Activists, friends and family are alarmed that there’s still been no sign of the 26-year-old, despite widespread media reports about his disappearance

The Chechen-born Bakaev had been living and working in Moscow. He was last seen in person on 8 August when he returned home to attend his sister’s wedding.

According to reports, a group of security officials were seen dragging him into a car in Grozny, the Chechen capital.

His mother filed a missing person’s report with Chechnya’s police, but they refused to open a criminal investigation.

Then, on September 24, two suspicious videos were posted on YouTube, in which a disheveled looking Bakaev claimed that he was now in Germany.

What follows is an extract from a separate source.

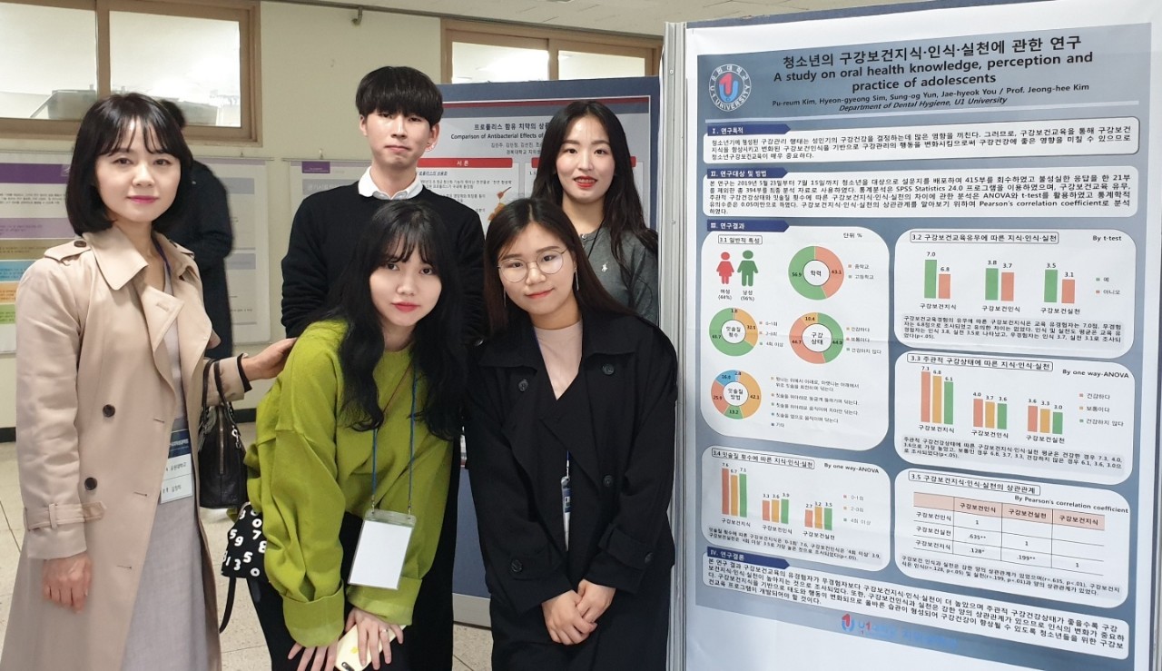 지난 11월 2일(토) 3,4학년 학생들은 ‘2019 한국치위생학회 종합학술대회'에 참석 하였습니다. 우리학교는 이번 학술대회 학생 포스터 경진대회에 4학년 5개 팀이 참여하여 ‘장애인 구강보건교육 자료에 대한 실태조사’라는 주제로 '김주희, 김희연, 정예연, 지도현'(지도교수 유자혜) 팀이 대상을 수상하였으며, 이외에도 '이혜진, 연혜선, 채승희(지도교수 이민영)', '박지현, 이우정, 전수진'(지도교수 김정희) 팀이 장려상을 수상하는 좋은 결과를 얻었습니다. 이에 대상을 수상한 우리학교는 학생 포스터 경진대회에 참여한 전국의 치위생학과 약 40여개팀을 대표하여 구연발표를 하였습니다. 우리학교 치위생학과가 앞으로도 꾸준히 치위생학 발전에 기여하며 학교를 빛내기를 바랍니다^^

Friends, however, say that he had lost weight and didn’t seem like himself. Items seen in the videos also look Chechen and not German. There are fears that he was forced to make the clips to cover up his detention.

Last month, Igor Kocketkov from the Russian LGBT Network told journalists at a press conference that the group had received confirmation from its sources that Bakaev was indeed “detained by Chechen authorities due to suspicion of homosexuality.”

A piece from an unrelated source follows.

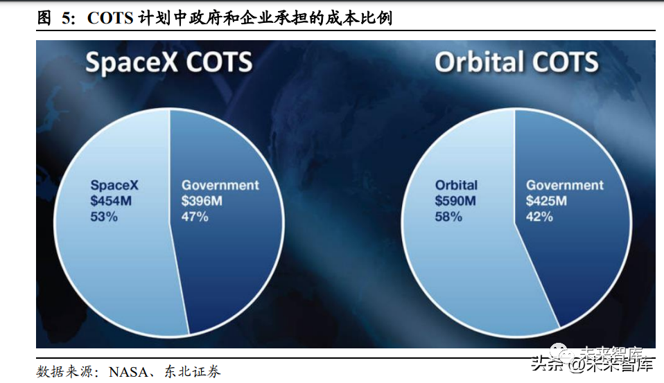 美國商業航天的崛起繞不過 COTS 計劃,這也是美國從計劃航天向商業行業轉型的 重要 拐點之一。COTS 計劃(商業軌道運輸服務計劃 ,Commercial Orbital Transportation Services)在節省了政府財政預算的同時,也催化除了像 SpaceX 這樣 的優秀企業。美國前總統小布什于 2004 年制定了《美國太空探索政策》,該政策呼 吁在 2020 年重返月球,航天飛機也于 2010 年底退役。但是事實上,NASA 在航天 飛機退役后,自己手上已經沒有將航天器運送至太空的能力了,市場上的德爾塔 4 和宇宙神 5 都是空軍的,美國政府在 NASA 上投入的研制經費與之前比也少了很 多。2005 年 NASA 為了完成探索計劃,在美國私營企業尋找能夠滿足國際空間站貨 運以及最終的載人需求。同時 NASA 還計劃將在五年內撥款 5 億美元,以刺激商業 能力的發展,這既是 COTS 計劃的雛形。

The site NewNowNext went on to claim soon after that it was told by local activists that the singer had been tortured to death, although this has not been verified.

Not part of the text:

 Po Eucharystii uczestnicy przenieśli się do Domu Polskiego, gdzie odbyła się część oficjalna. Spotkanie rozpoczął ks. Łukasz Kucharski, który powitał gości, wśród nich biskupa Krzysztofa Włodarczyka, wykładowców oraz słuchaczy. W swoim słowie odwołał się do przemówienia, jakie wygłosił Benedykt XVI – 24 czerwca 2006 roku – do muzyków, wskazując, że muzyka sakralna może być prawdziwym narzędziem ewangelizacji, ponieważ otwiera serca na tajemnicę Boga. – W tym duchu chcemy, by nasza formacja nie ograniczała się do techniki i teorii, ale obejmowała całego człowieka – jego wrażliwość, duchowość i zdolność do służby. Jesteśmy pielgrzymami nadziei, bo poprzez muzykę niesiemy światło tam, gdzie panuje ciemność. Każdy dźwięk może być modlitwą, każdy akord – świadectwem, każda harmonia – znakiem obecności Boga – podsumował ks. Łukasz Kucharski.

Chechnya’s Prosecutor’s Office has since reprimanded local law officials for failing to investigate Bakaev’s disappearance, but sill no news has been forthcoming.

Vladislav Lobanov from Human Rights Watch, described this reprimand as little more than “window dressing” and called on Russia to “properly answer questions about Bakaev’s fate and whereabouts.”

He said that Germany should also help by publicly confirming if Bakaev is in the country, and that if so, he would be able to safely seek asylum there, and would receive protection from German authorities to contact his family and speak publicly if he wishes.

Since February, dozens of men “accused” of being gay have been rounded up, detained in secret facilities, tortured and in some cases killed in Chechnya, a semi-antonymous Russian republic.

The only victim to have thus far publicly come forward is 30-year-old Maxim Lapunov. He recounted being beaten with sticks, with a plastic bag over his head, over a period of 12 days.

Chechen dictator Ramzan Kadyrov has been accused of personally supporting the anti-gay campaign, which he has denied has taken place. The Russian federal authorities promised to investigate the reports but no information has been released about any progress.